• Ousted Evo Morales decries senate No 2’s ‘self-proclamation’
  • Parliament threatens to nullify her appointment

Bolivia’s new interim president has pledged to hold a new election as soon as possible and condemned “revenge” acts by disgruntled supporters of fallen leader Evo Morales who resigned after protests over a disputed vote.

The senate vice-president, Jeanine Áñez, 52, assumed the interim role late on Tuesday with a Bible in her hand after Morales took refuge in Mexico following the end of his 14-year socialist rule.

“God bless you and allow us to be free and to hold transparent elections soon,” she tweeted on Wednesday in a message to the country’s young people.

Her arrival at the presidential palace faces an immediate challenge from lawmakers loyal to Morales who hold a majority in parliament and have threatened to hold a rival session to nullify her appointment.

After weeks of violent protests over alleged election rigging and then Morales’s resignation, the highland capital La Paz was calmer on Wednesday, though dozens of his supporters protested outside looking to block access to the palace.

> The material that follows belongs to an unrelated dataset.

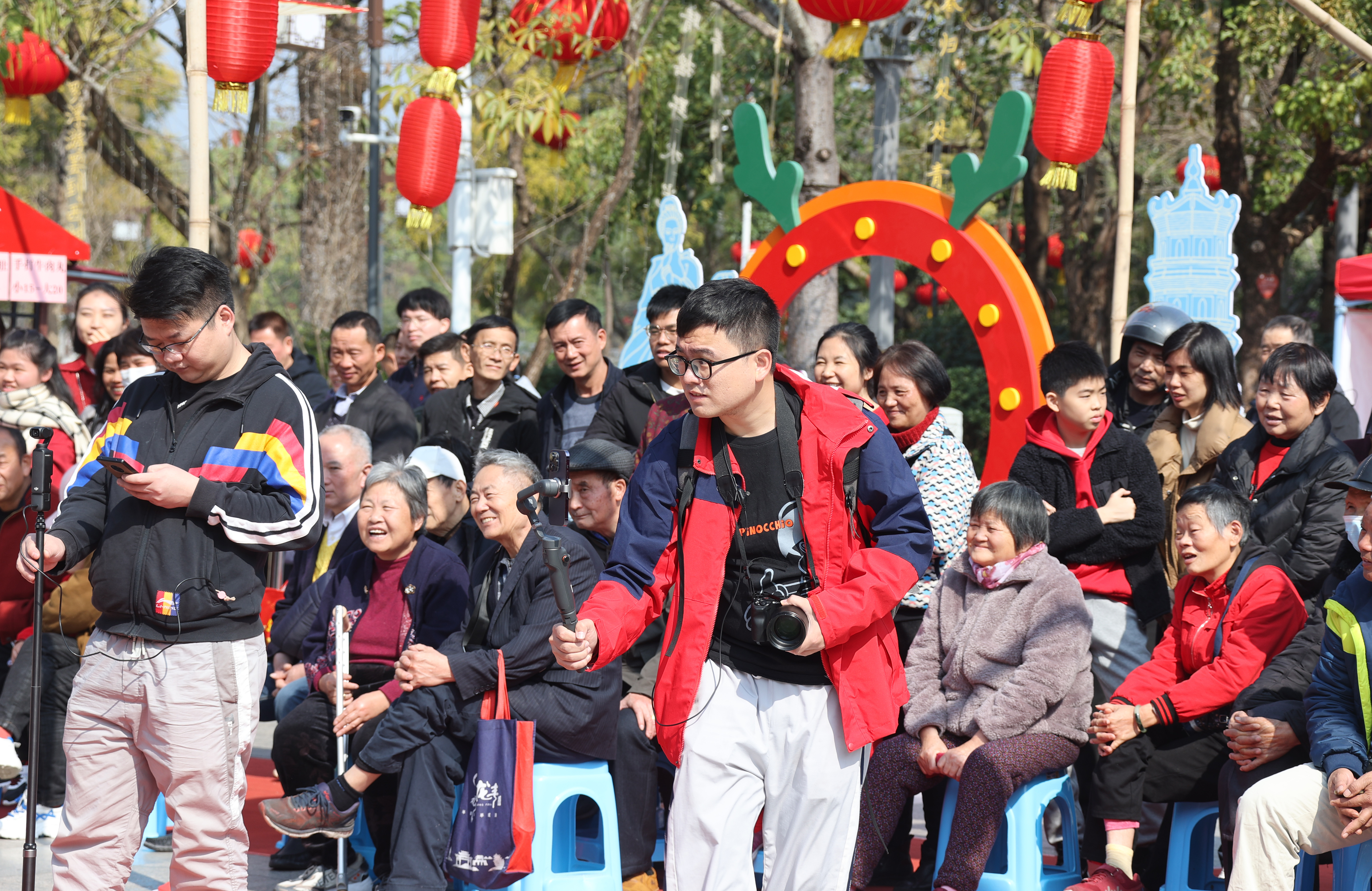記者現(xiàn)場采訪惠州西湖宋式婚禮秀。

In 48 hours of turmoil at the weekend, mutinous police joined marches, allies deserted Morales, the Organization of American States (OAS) declared his re-election was manipulated, and the military urged him to quit.

From Mexico, Morales has stayed defiant, tweeting that Áñez’s “self-proclamation” was an affront to constitutional government. “Bolivia is suffering an assault on the power of the people,” he wrote.

Supporters, including a teaching union, planned rallies for Morales, Bolivia’s first indigenous president who was beloved by the poor when he took power in 2006.

Opponents say pressure had built to a point of no return after increasing evidence of tampering with the October vote, and that Morales had gone against the will of the people by seeking a fourth term.

Supporters of Bolivia’s ex-president Evo Morales march during a protest from El Alto to La Paz on Wednesday.
Supporters of Bolivia’s ex-president Evo Morales march during a protest from El Alto to La Paz on Wednesday. Photograph: Ronaldo Schemidt/AFP via Getty Images

Bolivia’s largest union threatened a widespread strike unless politicians could restore stability, while a coca farmers’ union official and a lawmaker close to Morales called for protests until he returned to finish his mandate in January.

Áñez met on Tuesday night with the police and military, urging them to ensure peace.

“What a shame revenge continues,” she tweeted to one lawmaker who said his house had been attacked by supporters of Morales’s Movement for Socialism (Mas).

Áñez, a conservative Christian, cuts a very different figure from Morales, who was Bolivia’s first indigenous president in modern times, and she immediately tried to set herself apart from her predecessor.

Wearing the presidential sash of office, she greeted supporters at an old presidential palace instead of the modern 26-storey presidential office with a heliport that was built by Morales and that his foes had criticized as one of his excesses.

She also carried a Bible, which had been banned by Morales from the presidential palace after he reformed the constitution and recognized the Andean earth deity Pachamama instead of the Roman Catholic church.

Bolivia’s crisis has divided international reaction, with leftwing allies echoing his allegations of a coup, and others cheering his resignation as good for democracy.

Conservative-led Brazil and the UK both congratulated Áñez.